The original data set (a subset of which is show below) includes information on 891 passengers. The factors that I will focus on are gender, passenger class and age.

titanicStats.tail()

Missing Values¶

The following code shows that, while data for the gender and passenger class were collected for each passenger in the data set, passenger age was not available for 177 passengers in the data set.
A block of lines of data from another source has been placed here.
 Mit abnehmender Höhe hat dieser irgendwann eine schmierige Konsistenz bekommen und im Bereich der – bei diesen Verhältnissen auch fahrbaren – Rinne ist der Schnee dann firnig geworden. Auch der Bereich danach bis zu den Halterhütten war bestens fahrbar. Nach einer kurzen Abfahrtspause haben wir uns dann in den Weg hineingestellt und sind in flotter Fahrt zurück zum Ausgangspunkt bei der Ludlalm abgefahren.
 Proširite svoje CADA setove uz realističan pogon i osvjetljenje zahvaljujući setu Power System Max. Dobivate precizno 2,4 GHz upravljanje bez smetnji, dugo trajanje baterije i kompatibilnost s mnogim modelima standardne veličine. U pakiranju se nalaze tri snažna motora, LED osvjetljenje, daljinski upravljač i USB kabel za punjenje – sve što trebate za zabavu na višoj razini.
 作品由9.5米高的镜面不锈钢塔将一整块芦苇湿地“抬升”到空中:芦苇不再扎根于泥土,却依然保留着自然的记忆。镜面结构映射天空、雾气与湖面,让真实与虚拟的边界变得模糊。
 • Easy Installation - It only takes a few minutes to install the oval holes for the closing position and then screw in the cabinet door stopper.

# Find all of the null fields in the data set. 
titanicStats.isnull().sum()

PassengerId      0
Survived         0
Pclass           0
Name             0
Sex              0
Age            177
SibSp            0
Parch            0
Ticket           0
Fare             0
Cabin          687
Embarked         2
dtype: int64

Formulas for analysis¶

I have created several formulas to simplify my analysis. The first of which will take the original data set and group it by one of the selected factors (column headings). The following calculate chi squared and Cramer's V.
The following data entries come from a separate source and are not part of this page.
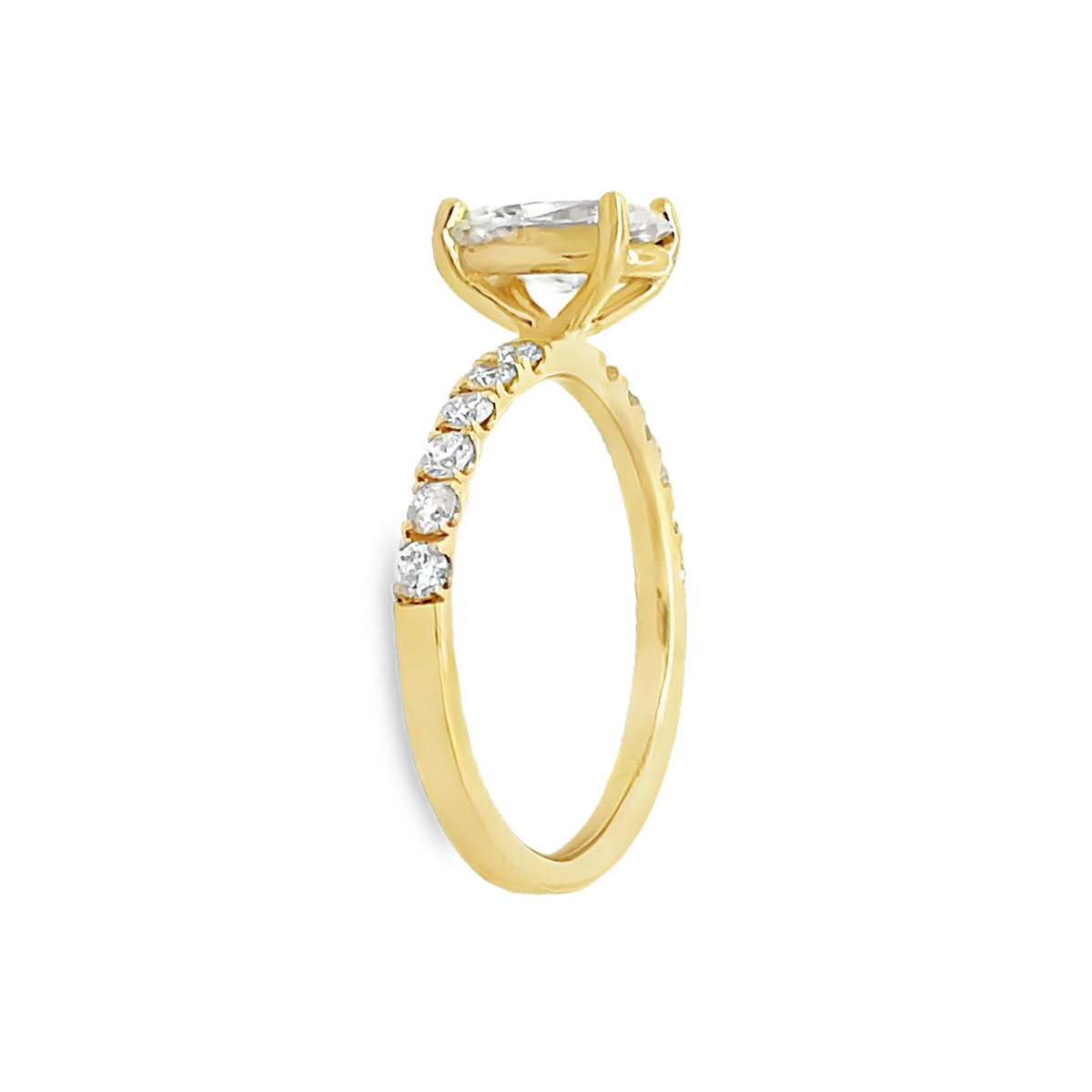 14 karat yellow gold 1.44cttw diamond engagement ring. The center diamond is a 1.11 carat oval diamond of SI2 clarity and J color and is certified as such by Gemological Institute of America, certificate #1236262168. Beautiful proportions and cut. There are 0.34cttw round brilliant cut diamonds on both sides of the center stone. The center diamond may be purchased separately for $5,500.
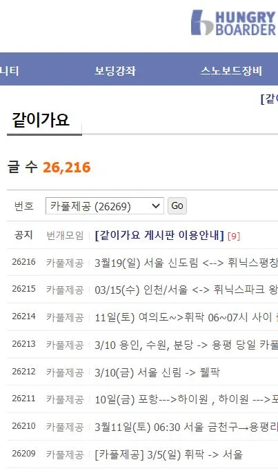 만약 차가 없어 대중교통을 이용해야 한다면 대중교통보단 카풀을 이용하는 쪽을 추천드립니다. 아무래도 휘닉스 파크는 스노보더 비율이 높기에 크고 작은 오픈카톡이나 동호회가 많아 거기에 카풀을 구하면 수월하게 이동할 수 있습니다.
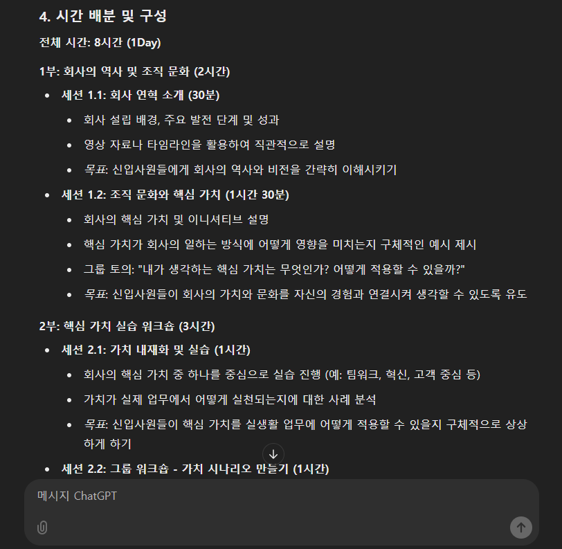 이제 ChatGPT가 제공한 초안을 검토할 차례입니다. GPT는 우리가 참고할 초안을 제공할 뿐, 조직의 니즈와 학습자의 특성 등을 정확하게 이해하고 있는 것은 기업교육 담당자이니 조직 및 학습자의 상황에 적합한지, 각 세션에 할당된 시간이 적절한지, 각 세션의 활동 내용/학습목표 중 조정이 필요한 부분은 없는지 면밀히 검토하는 과정을 반드시 거쳐야 합니다.
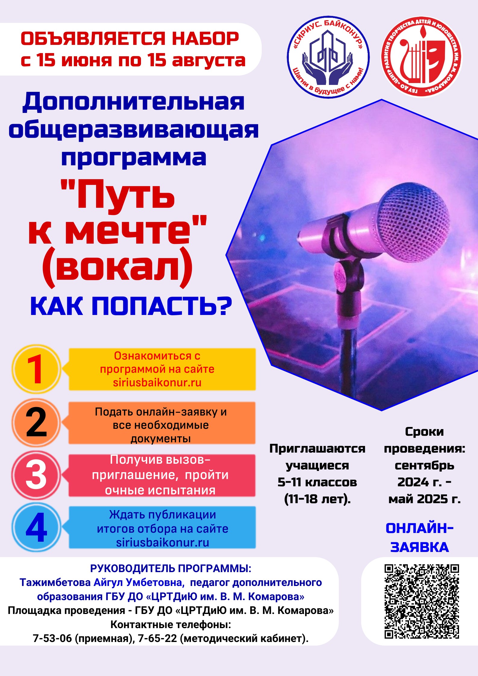 Руководитель программы: Тажимбетова Айгул Умбетовна, педагог дополнительного образования ГБУ ДО «ЦРТДиЮ им. В. М. Комарова»

'''Function to create a dataframe for the relevant subcategory.  
    @param send in the primary dataframe and the column name to group by. 
    @return a dataframe organized with columns, survived, perished and totals. 
'''
def new_dataframe(old_frame, grouping_column):
    # group the frame by the selected column and pull only the survial numbers. 
    newFrame = old_frame.groupby(grouping_column)['Survived'].agg(['sum', 'count'])
    # change the column names. 
    newFrame.columns = ['Survived', 'Total']
    # add a column for the total numbers. 
    newFrame['Perished'] = newFrame['Total'] - newFrame['Survived']
    newFrame['Survival_Rate'] = newFrame['Survived'] / newFrame['Total']
    # reorder the columns. 
    newFrame = newFrame[['Survived', 'Perished', 'Total', 'Survival_Rate']] 
    
    return newFrame

'''Chi squared function

    @param observed_values observed values as a tuple; number survived, number perished. 
    the dictionary sent to the equation should have the numbrer of survivers in the first
    columnn and number perished in the second column. The keys should be the dependent variables. 
    @return chi sqaured value of the survival rate for the dictionary. 
'''
def chi_squared_survival(observed_dict):
    # the running total for the chi squared statistic
    chiSquared = 0
    
    for i in range(len(observed_dict)):
        obs_survived = observed_dict.iloc[i, 0]
        obs_perished = observed_dict.iloc[i, 1]
        totalPeople = obs_survived + obs_perished
        # the expected to survive
        expect_survived = totalPeople * total_survival_odds
        expect_perished = totalPeople * (1 - total_survival_odds)
        
        chiSquared += ((obs_survived - expect_survived)**2) / expect_survived
        chiSquared += ((obs_perished - expect_perished)**2) / expect_perished
        
    return chiSquared

'''Cramer's V function

    @param input the chi squared score, degrees of freedom, total samples observed.
    @return Cramer's v score
'''
import math

def cramerV(chiScore, totalObserved, k):
    return math.sqrt(chiScore / (totalObserved * (k - 1)))

Total Survival Odds¶

The overall odds of survival for the 891 passengers in the data set was 38.38%. This average survival rate will be compared with several subgroups of passengers.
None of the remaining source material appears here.